You then end up having FAANG setting a company called FAANG which each FAANG owns exactly 20% of the FANNG companies and the sole purpose was to relicensing trademarks patents or whatever.
At the end of the day moving profits around isn't illegal and I dont see how banning it solves that problem. As long as it is taxed somewhere, which is what all country cares.
I am concerned about two things seldom discussed by people who endorse increasing tax revenues in ways like this.
1) I don't like unelected, global, IGOs who have powers over citizens without citizens' consent, such as forcing a tax increase in tax havens which crushes local autonomy in those places. The US can do this by embargoing a tax haven.
Imagine if you are a resident and business owner in Monaco, etc., who is now facing an increase in corporate tax that is only necessary because the US decided to threaten sanctions against your country to make it less attractive to (ostensibly) US corporations. You could make a moral argument about what tax revenue should be but I don't think it's moralistic because of my next point.
2) No one ever discusses fiscal responsibility or whether tax revenue is well spent. The solution is always to increase taxes or to increase the power to collect taxes.

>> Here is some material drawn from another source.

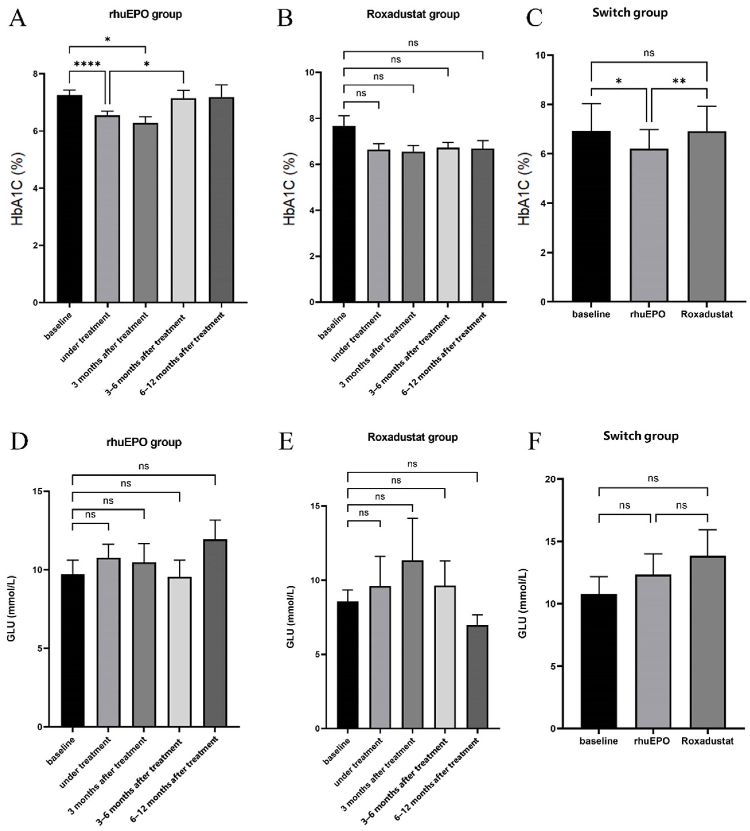 - Switch group included 95 patients who met the following criteria: (a) continuous rHuEPO treatment for >3 months; (b) an interval of <1 month between discontinuation of rHuEPO and initiation of Roxadustat; (c) continuous Roxadustat treatment for >3 months; (d) no change in hypoglycemic agents during the treatment period.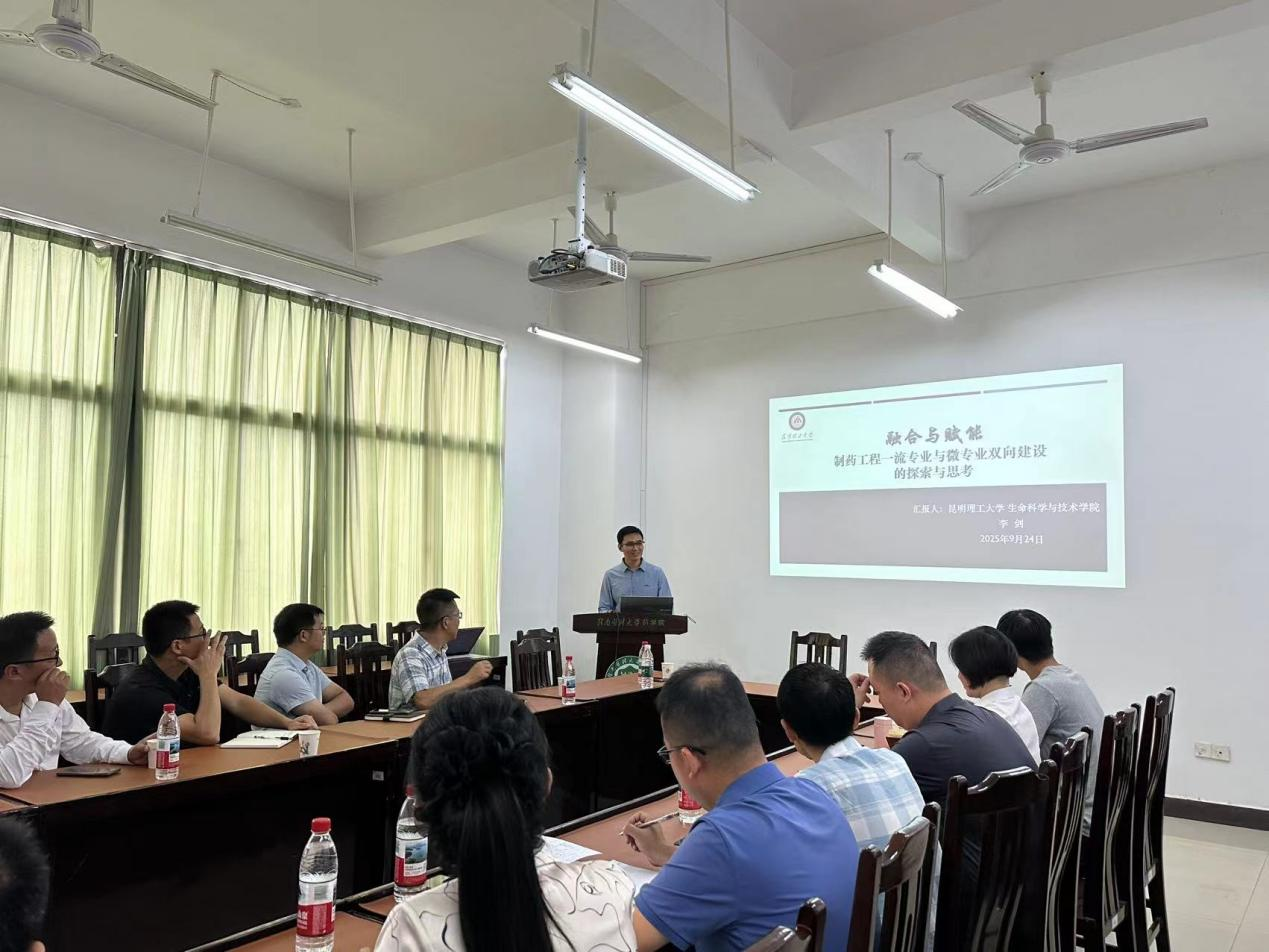 9月24日上午,药学院特邀昆明理工大学李剑教授来校作专题讲座。讲座由制药工程专业负责人陈伟铭主持,近20名专任教师积极参与并进行深入交流。

The fact that certain countries can endorse global rules dictating what constitutes a war crime is pretty frightening too. Who are you, Lovecraft? Does the mere concept of global politics scare you?
While I have never looked deeply into the topic of big business corporate taxes, I do share a strong suspicion that the corporate tax system is flawed, and would be supportive of reform in the system. Including international cooperation for solving this.
But the way they went about this is disappointing.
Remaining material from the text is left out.